Macdowell's German credentials served him well on his return to the States.
The major American orchestras were dominated by German conductors and the
likes of Paur, Nikisch and Gericke were quick to include his music in their
concert series. On 5 March 1889 the composer was the soloist in his Second
Piano Concerto with the New York Phil conducted by Theodore Thomas who was
a native of East Friesland.
Macdowell was of Scottish-Irish stock. These Celtic credentials are apparent
in the Scottish snap of the Eroica's first and third movements which
are heroically strenuous pealing out with much the same romantic afflatus
as his British contemporary, Stanford in the Three Rhapsodies
(Francesca, Beatrice and Capaneo). The second movement:
grotesques capering and gibbering in Lisztian cascades. Sonata Eroica
treads the Arthurian legendary track and reaches serenity and tenderness
in the Guinevere movement. That tenderness surely worked its witchery on
Howard Hanson in his Romantic Symphony. The Arthurian character of
the work reflects a by no means isolated interest - his 1888 tone poem, written,
under the aegis of Liszt, in Germany was entitled Lancelot and Elaine.

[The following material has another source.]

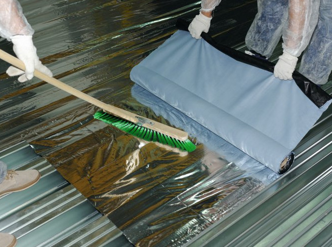 Цельный металлический лист пар не пропускает, но через многочисленные стыки и места крепления листов прекрасно проходит водяной пар. Подобное проникновение в холодный период года может привести к влагонакоплению кровельной конструкции. Поэтому пароизоляция между несущим основанием и утеплителем, наряду с верхним слоем гидроизоляции, играет одну из ключевых ролей в создании надежной кровельной системы.
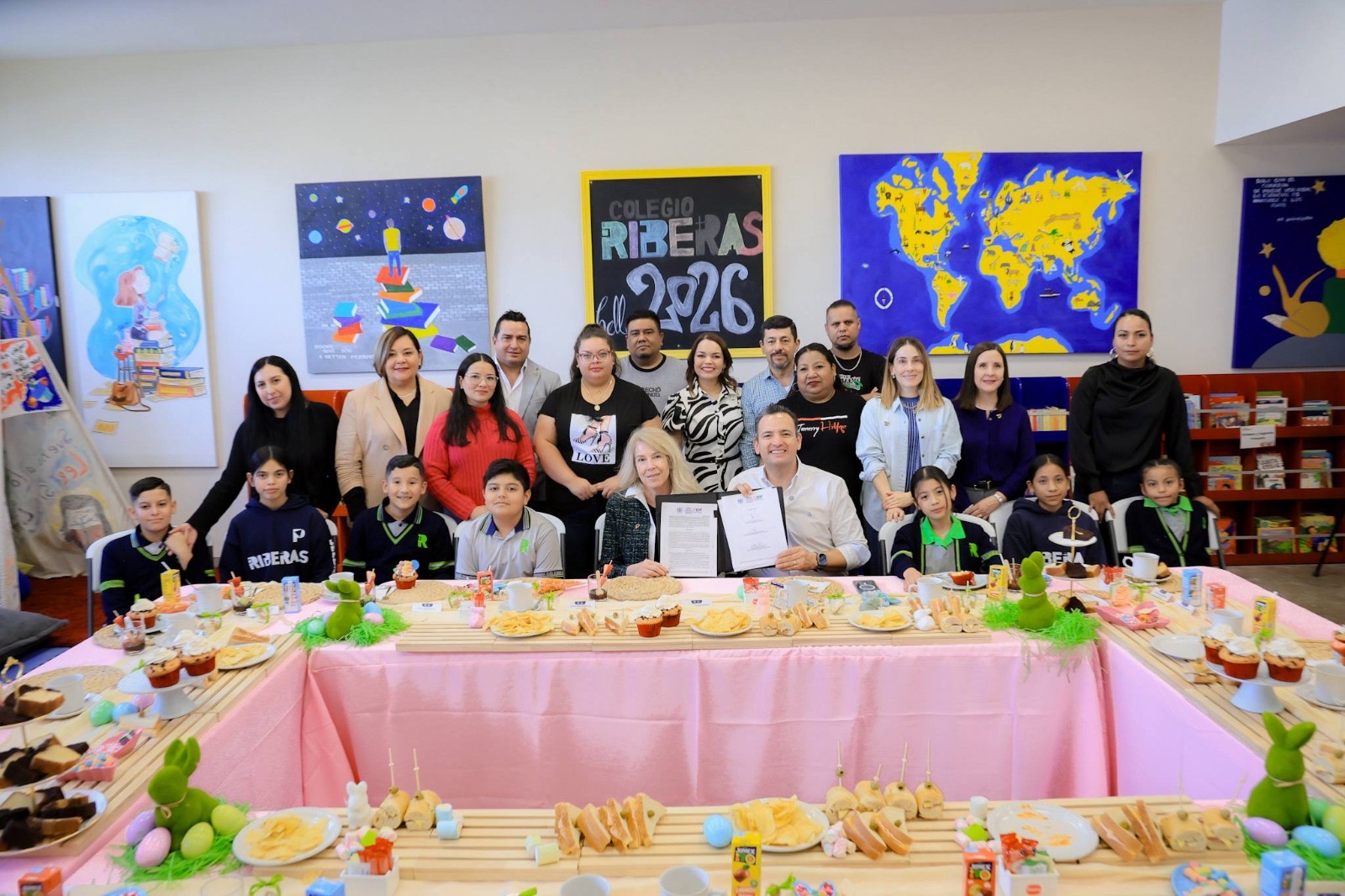 CHIHUAHUA CAPITAL.- Mediante una firma de convenio con Promesa Educativa para México A.C., el alcalde Marco Bonilla se comprometió con la educación de niñas, niños y adolescentes del Colegio Riberas, para impulsar sus estudios en este espacio que cuenta un alto nivel académico a un costo accesible en beneficio de las familias que viven al norte de la ciudad.

Later, one of his partsongs, Summerwind, was to set to words about
'Lancelot and Guinevere'. The plangent noble theme of the first movement
strides gravely forward in the finale - reflective of Arthur's triumph in
death at the hands of Mordred.
Both the Norse and Keltic Sonatas are dedicated to Grieg and
it is Grieg's charming pictorialism that is recalled in the Sea-Pieces
and Woodland Sketches. Stormy cloud-hung romance suffuses the
Norse Sonata which in its sonorous nobility at 4.15 (II) reaches out
towards the Grieg concerto and, as in the Eroica, touches some
very Rachmaninovian nerve notes (cf the much later Stanford Second Piano
Concerto). The Keltic has the same strenuous tragi-heroic set to the
jaw, great gestural themes claw upwards and outwards with the commanding
imperious awkwardness of Brahms' First Piano Concerto. The middle movement
stands back from the superheated romantics and leads us naively into a forest
glade but perhaps these are Caledonian trees for the themes have the slowly
recoiling skirl of 'the pipes'.
The Woodland Sketches (1896) and Sea Pieces (1898) are done
with slender charm though the foundations of the 1898 sequence are touched
with oceanic depths. Barbagallo on Naxos has a better line to the Schumann-like
fantasy of these pieces but Mandel is a stronger contender in his muscular
portrayal of the Sonatas. The First Sonata is dedicated to Raff with whom
Macdowell studied in Frankfurt. The Tragica has the battered nobility
of the other works and if the lighter second movement is a cruel crashing
of emotional gears the third and fourth movements banish doubts in a torrent
of masculine majesty.
Mandel is good in the sonatas but is not to be preferred over Barbagallo
in the salon suites. The core of this unique set is the four sonatas. They
are done with confident flourish and with a weighty tone apt to works that
breathe the clean air of heroic endeavour and legendary exploits. Medtner's
Ballades are but a small pace away.
The last three sonatas are perhaps his strongest works; certainly his most
ambitious. Straddling two centuries the sonatas embody nineteenth century
romance in a highly developed idiom. There is a similarity of themes and
a tendency to lapse towards prettiness when he aspires to express beauty
but in these works Macdowell come as close as he ever came to consummation
of his ambitions. The much vaunted second piano concerto lacks the drama
of these works.
Previous recordings of the sonatas include a most impressive version of the
Eroica by Clive Lythgoe (whatever happened to him?). This never made
it to CD but the Philips LP (9500 095) was my initiation into the world of
Macdowell. There are also recordings from James Tocco who recorded numbers
1, 2 and 3 on Kingdom CKCL2009 (originally Gasparo GSCD232/4) but whose disc
was written off in some critical quarters as 'routine'. James Fierro recorded
the Eroica for Delos (on DE1019) with the Virtuoso Etudes and
this was well received. Garah Landes' Koch International disc (37045-2) of
the Keltic (coupled with the Griffes Sonata) was also praised. James
Barbagallo, always a sympathetic interpreter in this repertoire, has given
ample evidence of his commitment to the Macdowell cause in his sequence of
four Naxos 'American Classics' CDs. Sadly he was never to record the quartet
of sonatas but he did set down the Keltic on Naxos 8.559019 replacing
Marco Polo 8.223633 and the Norse on Naxos 8.559011. Lastly Vivian
Rivkin, so it is reported, dashingly recorded Tragica on Millennium
Classics MCD80086. Apart from the Lythgoe and Barbagallo I have not heard
any of these. However, except the Barbagallo and the Landes, they seem to
have dropped out of the catalogue. I am not aware of any other recordings
although I would be very interested to hear of any not listed.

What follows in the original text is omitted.